L’avenir vit d’une promesse :

Celle du Dieu d’amour qui s’est engagé pour chacun, chacune de nous. Celle du Christ présent avec nous tous les jours, jusqu’à la fin du monde. Celle de l’Esprit Saint qui dynamise l’élan de vie car il renouvelle, enseigne et sanctifie.

Ces promesses nourrissent notre engagement individuel et communautaire. Engagement dans la confiance, la détermination, le courage (de la discipline quotidienne par exemple), et la résistance face à tout ce qui pourrait nous faire chavirer dans ce monde en désordre, agité de turbulences. Résistance pour tout ce qui pourrait étouffer la vie intérieure. Tout ce qui pourrait brouiller le silence et la communion en Dieu. C’est par ce que Dieu promet que nous pouvons nous engager courageusement dans la confiance.

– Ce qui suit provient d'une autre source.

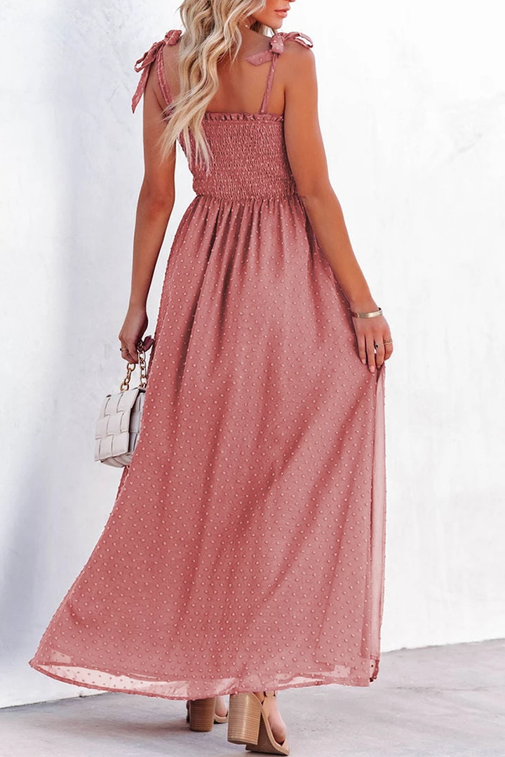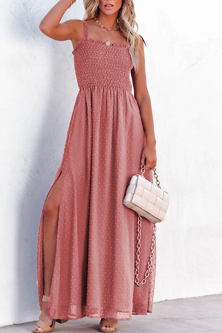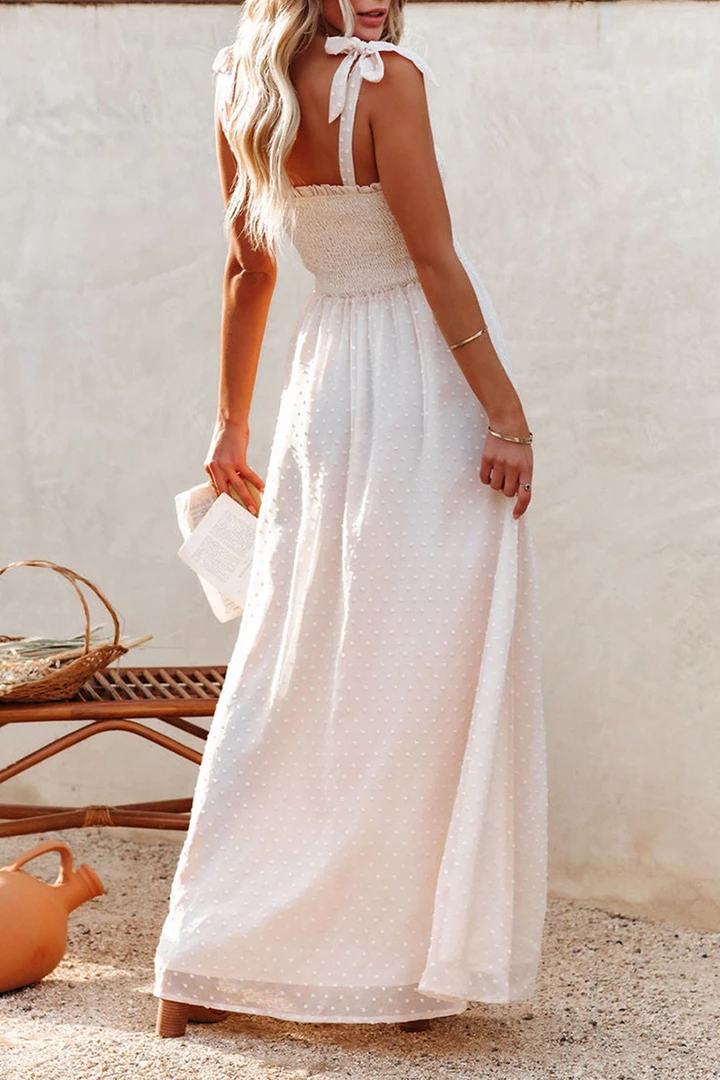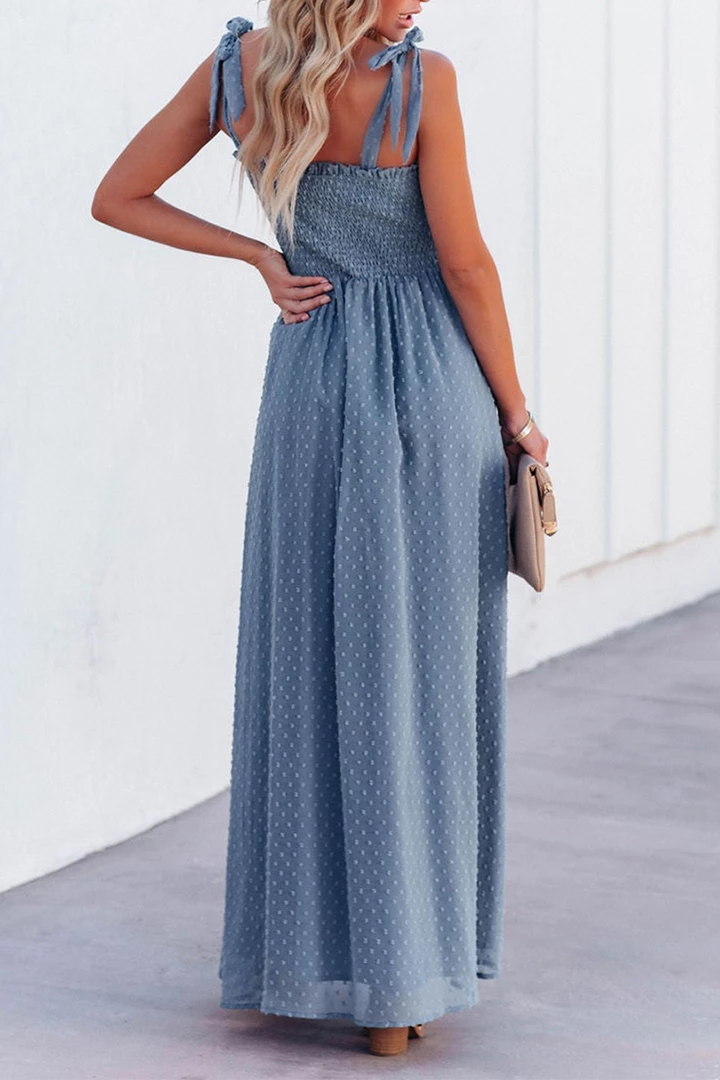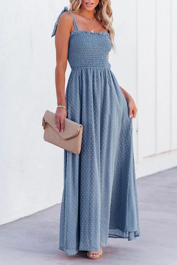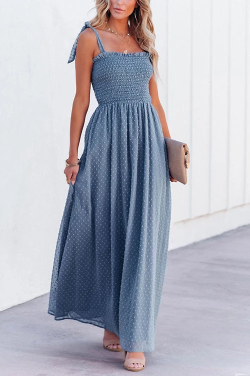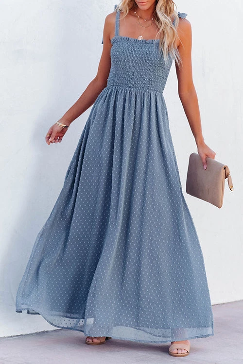 Spring is on the horizon and our Hazelle Smocked Swiss Dot Maxi Dress is ready! This french blue colored maxi features a square neckline. Designed with a smocked bust and adjustable shoulder straps.Â

Le deuxième mot que j’ai choisi : Espérance.

L’Espérance n’ignore pas le découragement et l’échec. Elle regarde plus loin que l’obstacle. Elle confesse que tout est dans les mains de Dieu, car il a préparé pour nous, « ce que l’œil ne voit pas encore, ce que l’oreille n’a pas entendu, ce qui n’a pas encore éclos dans les cœurs ». (1 Cor.2.9). L’Espérance confesse que chacune, chacun, est en chemin vers les sources de la vie, par Christ, qui est le chemin. Qui emprunte ce chemin, sera conduit dans la lumière.

Voici ce que disait Théodore Monod dans son dictionnaire au mot « Evangile », édition du Cherche Midi. Je cite : « Chaque jour je récite les Béatitudes, comme on rêve à une utopie, si on définit l’utopie non pas comme « l’irréalisable », mais comme ce qui n’est pas advenu ». Ne pourrait-on pas dire la même chose de l’Espérance qui réclame une réalisation ?

Ainsi portée en Dieu, l’Espérance sera toujours, avec nos contemporains, avec les sœurs et frères, un chemin à poursuivre, une mer à traverser, un champ à cultiver, une moisson à récolter, un amour à partager.  


Pour conclure dans l’Espérance :

L’Espérance n’est pas statique. Elle est mouvement. Elle rythme nos pas… mais quel est l’Ami qui s’avance, qui nous rencontre, et fait route avec nous ?

Celui qui EST… qui ETAIT… et qui SERA… Il vient !

« Laus Deo » !

Je vous remercie pour votre présence et pour votre écoute.

Pasteure Claude Caux-Berthoud,

Prieure de la Fraternité Spirituelle des Veilleurs. Samedi 25 mars 2023. Oratoire du Louvre.